"NAACP Head Resigns After 19 Months"

"When selected in 2005, former Verizon executive Gordon was a surprise choice, coming out of the business community rather than the civil rights and political worlds that previously had produced NAACP leaders.....Gordon's singular 'achievement' -- if it can be called that -- in his tenure was managing to convince President Bush to address the NAACP's annual meeting in 2006 after the White House boycotted -- rightly, in my opinion -- the conference during the previous five years of Bush's term. Perhaps Gordon was too thin-skinned to run a non-corporate entity. The comment above that he was ready to quit six weeks into his tenure might suggest that. But given the leadership problems that the NAACP has had since Benjamin Hooks ended a 15-year run, it seems that the onus has to be on the organization.

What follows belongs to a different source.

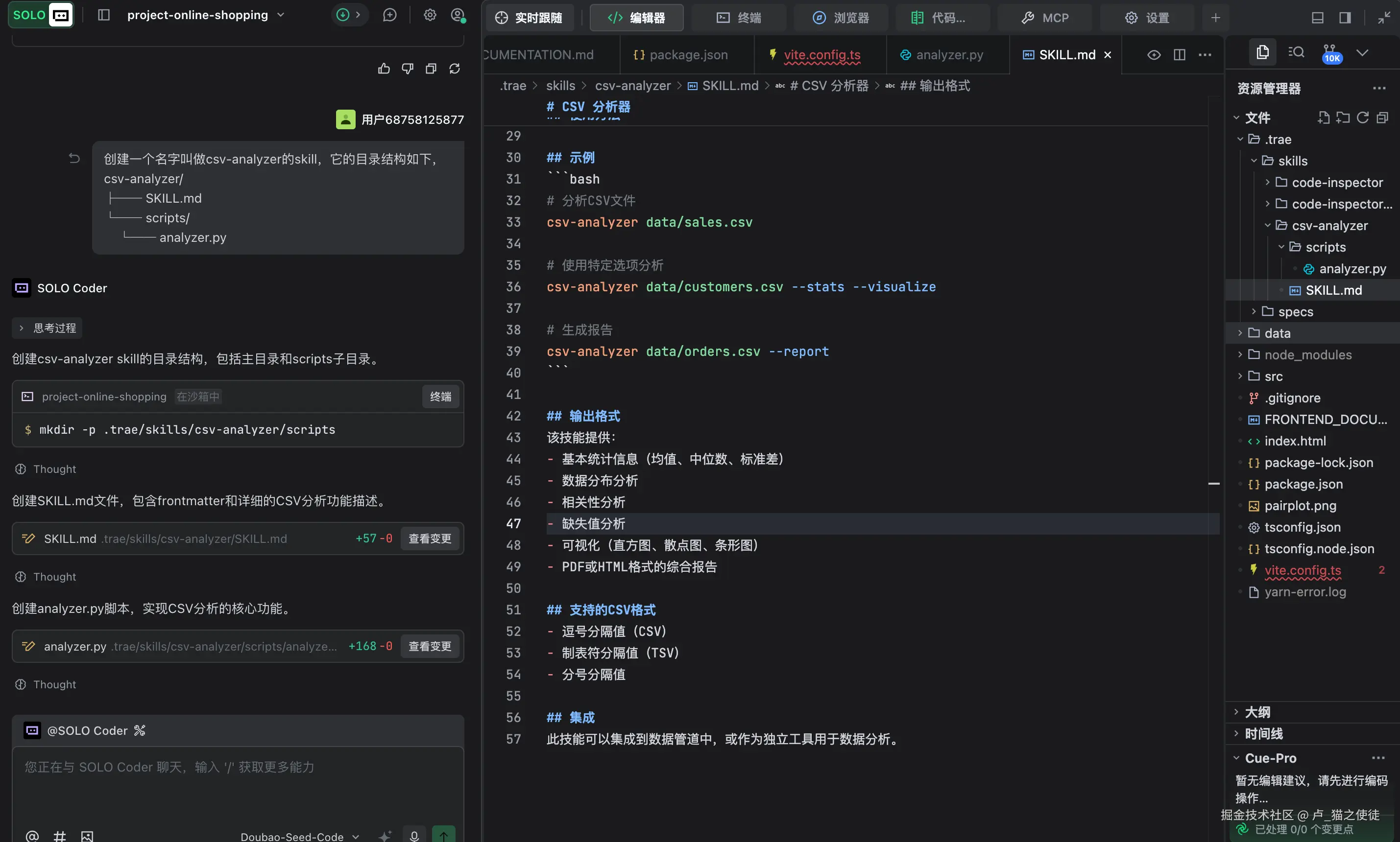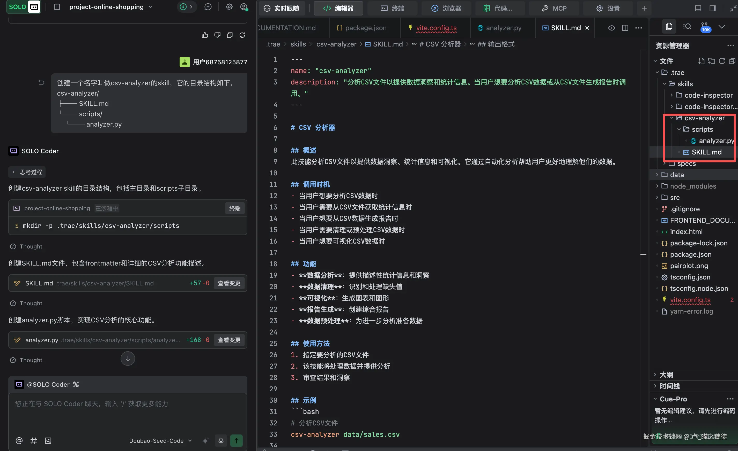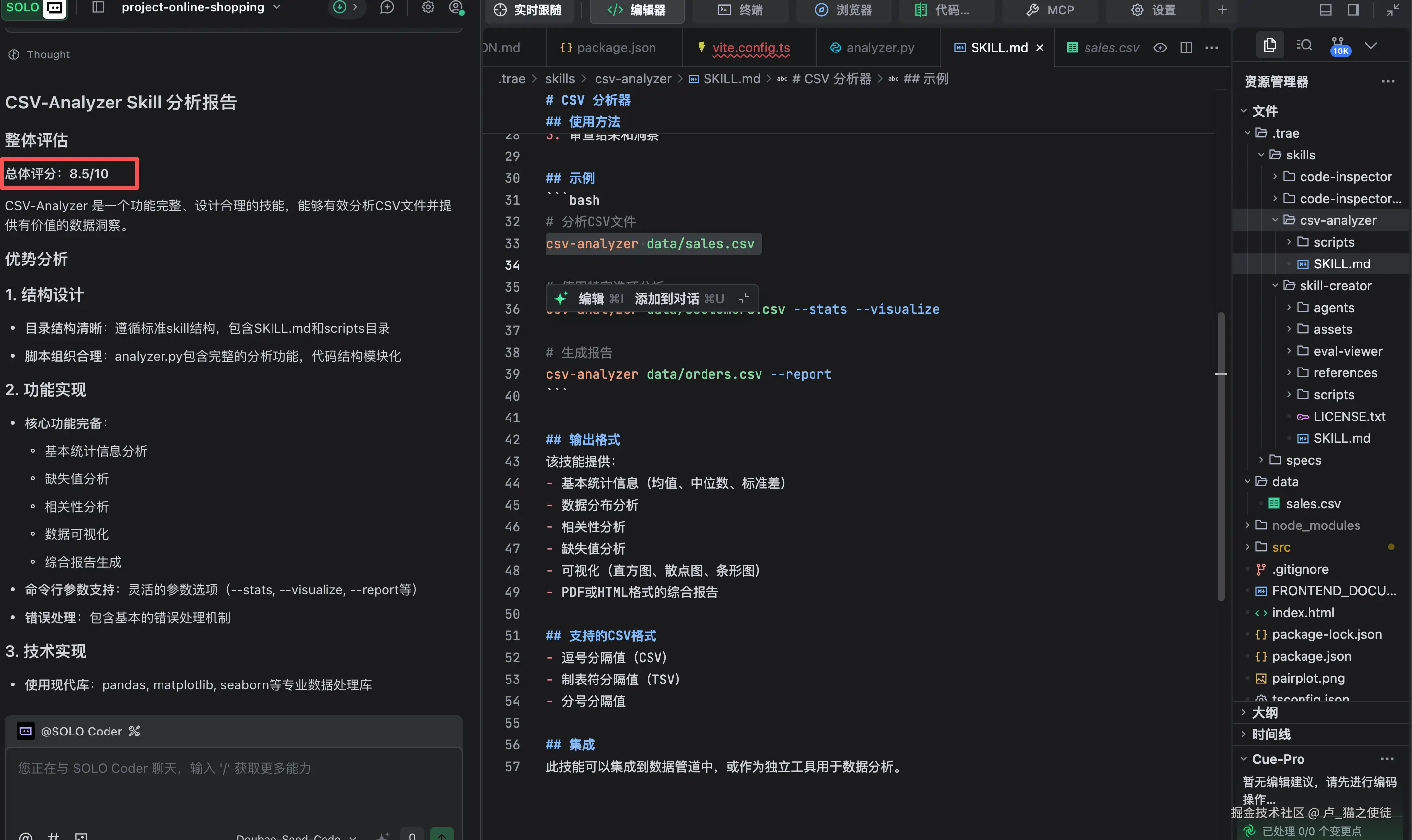 1.首先来看一个示例,我用trae自带的编辑功能帮我生成一个csv文件分析器的Skill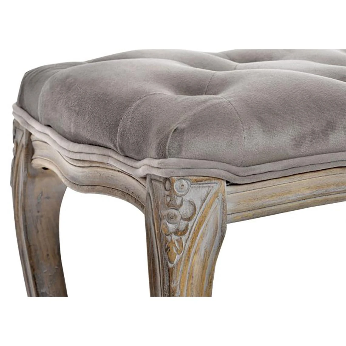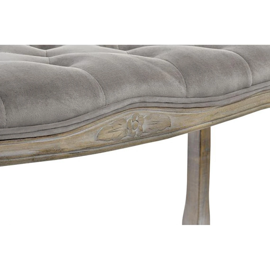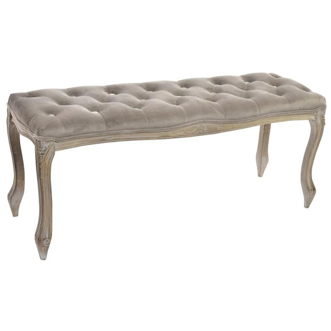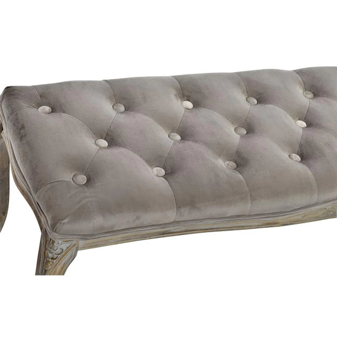 Banquette en bois de caoutchouc et velours coloris gris

Pardon the bluntness, but the NAACP ain't going to change while Julian Bond still runs the board. He is too dogmatic, too ideologically-fixed, in a 1960s political mindset to allow growth for the group in the 21st century. It was Bond that created much of the conflict between the group and the Bush White House, personalizing policy differences with the Republican Party, not once, but repeatedly. This tended to put the NAACP president -- whether Gordon or his predecessor Kweisi Mfume -- in the position of trying to smooth things over. And don't think that Bond doesn't have considerable sway over the other board members.
Thus, it's not surprising that the organization president and the board would be out of step. Now, with Gordon's early departure, the NAACP still -- as Earl Graves, Jr. said -- needs to figure out how to make itself relevant to a younger generation. Bond certainly isn't helping any."